Lembro bem de, quando pequena, ler para copiar. Minha mãe comumente deitava ao sofá, cruzava as pernas sobre o braço do estofado e iniciava a leitura; era assim que me lembro dela lendo em casa. E me lembro de, no sofá menor, ao lado, imitar o gesto com meus pequenos livros na mão, me sentindo muito adulta e séria no exercício da leitura. Assim eu gostava de cumprir e pensava esse ritual que, fora de julgamentos sobre intelectualidade - que àquela época me eram certamente irrelevantes, sequer existiam -, me parecia tão bonito e sério, tão tipicamente adulto e maduro.
Para gostar de ler, primeiro, eu gostava de observar. Como todo mundo, como toda criança. Minha casa era o meu mundo e, se a minha casa tinha livros, leituras, filmes, música e conversas sobre essas coisas, me parecia que uma parte importante do mundo envolvia tudo isso. E me parecia natural ao ser humano ser um leitor, como uma família ter um cachorro. É uma realidade pra todo mundo? Não. Mas na minha cabeça, era.
A minha geração (uhu, millenials!) ainda sentiu os estilhaços do boom das coleções de crônicas e romances que estouraram lá nos anos 70, mas fizeram escola (literalmente) até meados dos anos 1990. Eu lembro das lombadas amareladas de vários exemplares da coleção Para Gostar de Ler, da Editora Ática, que faziam morada antiga nas estantes de alguém que veio a me doar, depois. Fossem as reedições, fossem simplesmente os livros empoeirados das estantes dos nossos pais ou das bibliotecas, o pessoal que começou a ler até os anos 90 é, normalmente, familiarizado com essa coleção citada ou mesmo a série Vagalume, entre outras séries e best-sellers.
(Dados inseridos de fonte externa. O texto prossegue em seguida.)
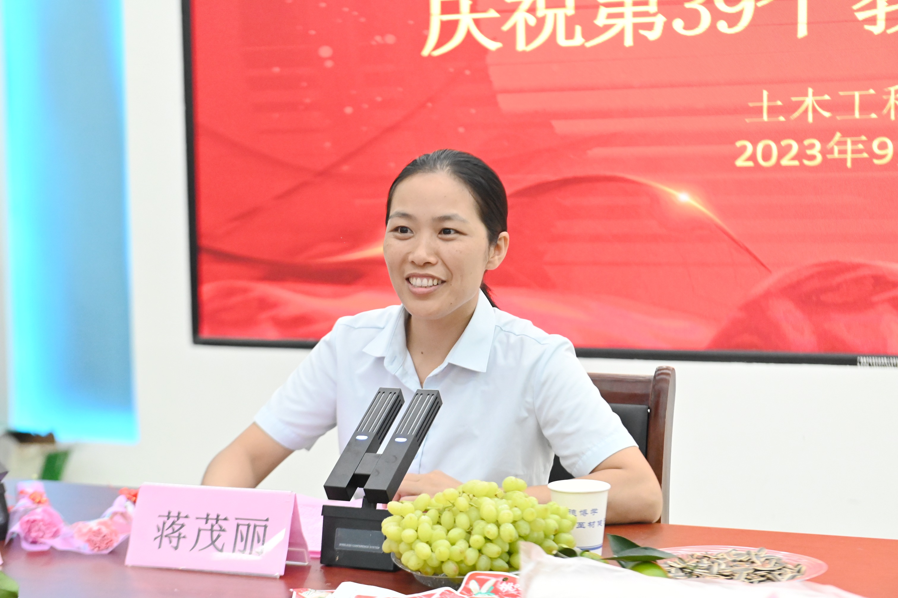 为庆祝第39个教师节到来,营造尊师重教的良好氛围,提升教师的幸福感、成就感、荣誉感,激励广大教师积极投身学校建设实践,9月10日下午16点,土木工程学院在图书馆大数据中心会议室召开主题为“躬耕教坛,强国有我”教师节座谈会。beat365唯一官网副校长蒋茂丽出席,由土木工程学院副院长杨竟主持,土木工程学院、人力资源处、财务处全体教师参加本次座谈会。

Vamos à primeira lição, retirada do apelo editorial que essas séries trouxeram desde os 1900-e-bolinha e pode ser adaptada para os 2020: é preciso encontrar a intersecção entre a cultura digital que assusta e o que ainda é o "como nossos pais" do nosso tempo. Os jovens não só utilizam, mas vivem o mundo digital. As comunidades que sempre existiram entre os adolescentes, por exemplo, continuam existindo - em outras configurações e muito mais líquidas (alô, Bauman!) mas sim, continuam.
Eles lêem livros impressos, digitais e lêem também onde mais circulam: nas redes sociais. Eles lêem e nem sabem que lêem. Eles seguem e compartilham poetas e pensadores que divulgam ali mesmo o seu trabalho; pequenos cards, grandes literaturas - considerando os milhões de seguidores, não chamaria exatamente de "literatura marginal", apesar de estar longe do cânone (seria a classe média do mundo literário? coloque aqui um emoji pensativo).
Bom, é um assunto que dá pano pra manga. Queria falar mais sobre essa ciência pouco racional e muito mais afetiva que é gostar de ler. Acho que posso resumir em: ler não é um compromisso, faz parte. Todo mundo que lê, lê muito mais do que pensa. Com esses aparelhinhos que viraram extensão do nosso corpo, lê-se muito mais. Mas, se eu escrever muito, dizem as más línguas (ou os maus textos) que os jovens não me lerão aqui. Será? Quem é xovem e chegou até o fim, levanta a mão pra eu ver uma coisa aqui.